_Task brief_. Once you have read the entries, please say how many lines hold the string "plus", giving the number only.

_Task input_.
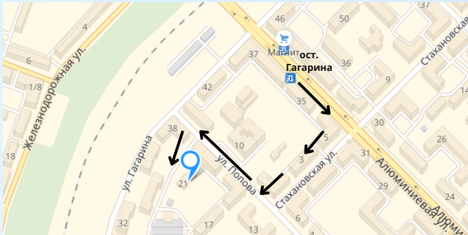
Схема маршрута от ост. Гагарина до Реабилитационного центра

От железнодорожного/автовокзала можно доехать на автобусах №9 и №16 до ост. Гагарина
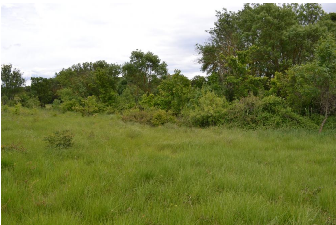
Vers les Barthes, le 03/05/2017 par Jérémy Cuvelier.
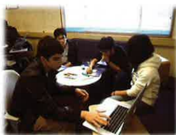
海外研修(アメリカ合衆国)
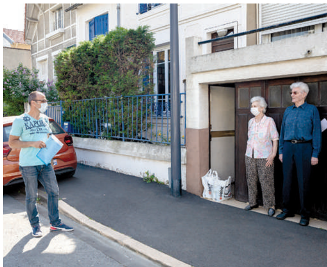
La livraison de courses et médicaments a bénéficié à plus de 100 Maisonnais durant le confinement.

pathologie particulière, de même, qu'un dispositif de chèques alimentaires pour les familles vulnérables, qui sont les plus touchées par la crise sanitaire. Dans la continuité de ces actions, la Ville a décidé d'augmenter en cette fin d'année, via le CCAS, les subventions allouées aux associations solidaires particulièrement sollicitées cette année, à l'image des Restos du Cœur, du Rotary Club, ou encore du Lions Club.
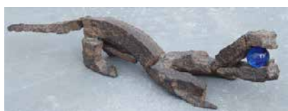
» Pierre Claes, 'Kracht uit de stilte van Kracht'

Ooit begonnen bij een duinenwandeling met vrienden in de Westhoek, waar na een storm een ganse duinvlakte zand was weggewaaid en alles bruin zag van stukjes geroest metaal. Grillig van vorm, gepolijst door wind en zand, gewoon te mooi om te laten liggen. Het bleken stukken schrapnel te zijn uit de Eerste Wereldoorlog. Ooit krachtige projectielen die dood en vernieling zaaiden, maar gedurende de jaren dat ze geduldig in het zand van de duinen gewacht hadden, waren ze tot rust gekomen.
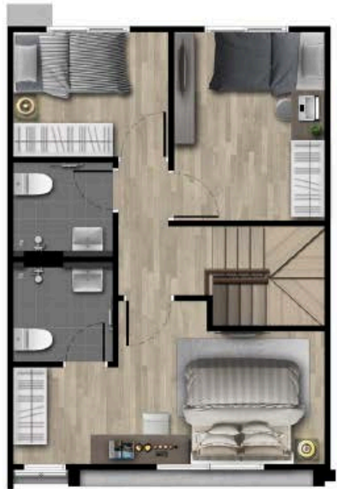
2 nd FLOOR PLAN
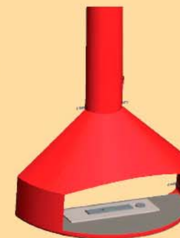
Dekoratив Wand biokamin € 420,00
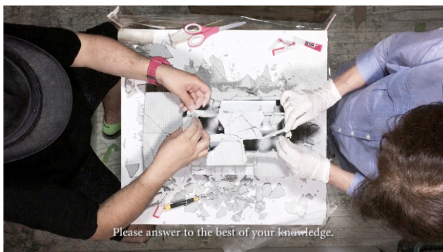
Atsushi Watanabe, My wounds/ Your wounds , 2017, Video, 31:31 min

Nagoya was selected as the location of this exhibition because of its large number of colleges and universities, which account for Nagoya’s large percentage of young adults and college students, the age group that tends to be most affected by mental illness in Japan. Young adults in Japan have the fastest growing suicide rates, largely due to the pressures of school and beginning

_Task answer_. 2